■ Required work:
Exclude every picture. Output verbatim the lines from the one containing "Po přestávce na" to the end of the data.

■ Recorded data:
----

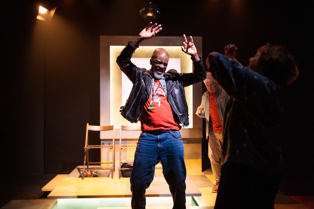 This is a character piece, and those characters are not introduced in a neat and tidy way – again, the audience has to work at this, piecing bits and pieces of conversation and half-finished thoughts together as the play goes on. Lynn, played by Tessa Peake-Jones, is a 60-year-old woman who has a quiet life watching The One Show and cleaning the Walthamstow Travelodge until a random interaction with a strange changes everything in ways she’d never have imagined before. Jack, played by James Holmes, is a grieving widower trying to work out whether it’s time to start dating – or even living – again after the death of his husband. And Alec, played by Kevin N. Golding, is a man who can’t quite believe he’s reached the big 6-0, and does everything he can to pretend it’s not happening, until he can’t pretend anymore.
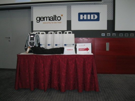 Po přestávce na kávu následoval druhý blok přednášek, Jérome Soufflot z Gemalto hovořil na téma Evolution of Authentication market & Beyond – New challenges for enterprises. Václav Lín z OKsystemu zavedl řeč na využití OKsmart ve Windows 7 a v Linuxu. Červí díry v RFID přiblížil Tomáš Rosa z Raiffeisenbank a poté Petr Klupka z HID Global nastínil posluchačům téma Propojená bezpečnost.
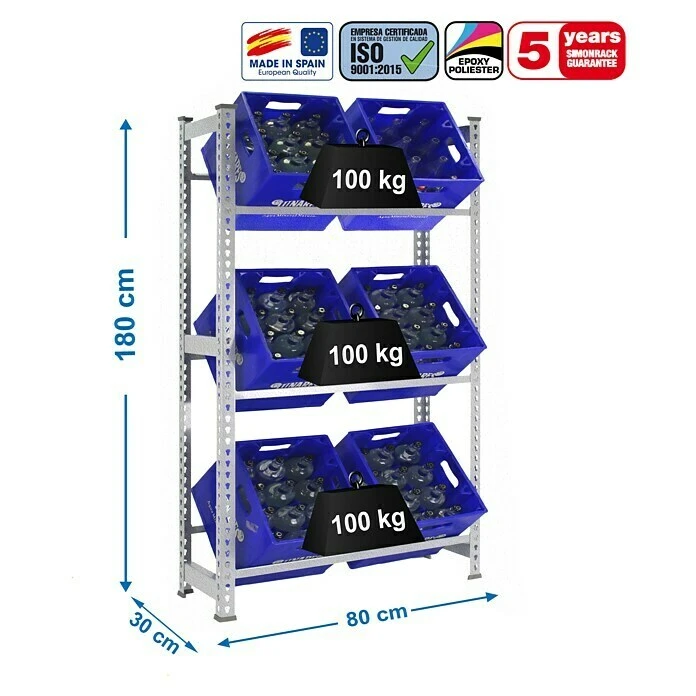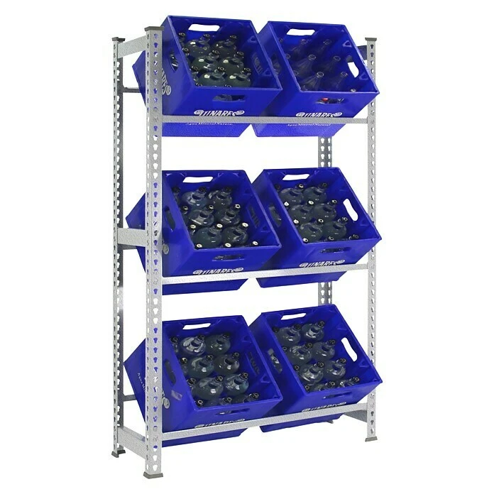 Das Getränkekistenregal Bottleclick von Simon Rack eignet sich ideal zur Einlagerung von bis zu Getränkekisten in Vorratsräumen, Werkstatt oder Garage. Das stabile Regal verfügt über mehrere Ebenen mit einer jeweiligen Traglast von 100 kg. Dank der schrägen Lagerung der Kisten ist die Flaschenentnahme jederzeit problemlos möglich. Die Montage gestaltet sich dank des Stecksystems sehr einfach.

----

■ Solution to this task:
 Po přestávce na kávu následoval druhý blok přednášek, Jérome Soufflot z Gemalto hovořil na téma Evolution of Authentication market & Beyond – New challenges for enterprises. Václav Lín z OKsystemu zavedl řeč na využití OKsmart ve Windows 7 a v Linuxu. Červí díry v RFID přiblížil Tomáš Rosa z Raiffeisenbank a poté Petr Klupka z HID Global nastínil posluchačům téma Propojená bezpečnost.
 Das Getränkekistenregal Bottleclick von Simon Rack eignet sich ideal zur Einlagerung von bis zu Getränkekisten in Vorratsräumen, Werkstatt oder Garage. Das stabile Regal verfügt über mehrere Ebenen mit einer jeweiligen Traglast von 100 kg. Dank der schrägen Lagerung der Kisten ist die Flaschenentnahme jederzeit problemlos möglich. Die Montage gestaltet sich dank des Stecksystems sehr einfach.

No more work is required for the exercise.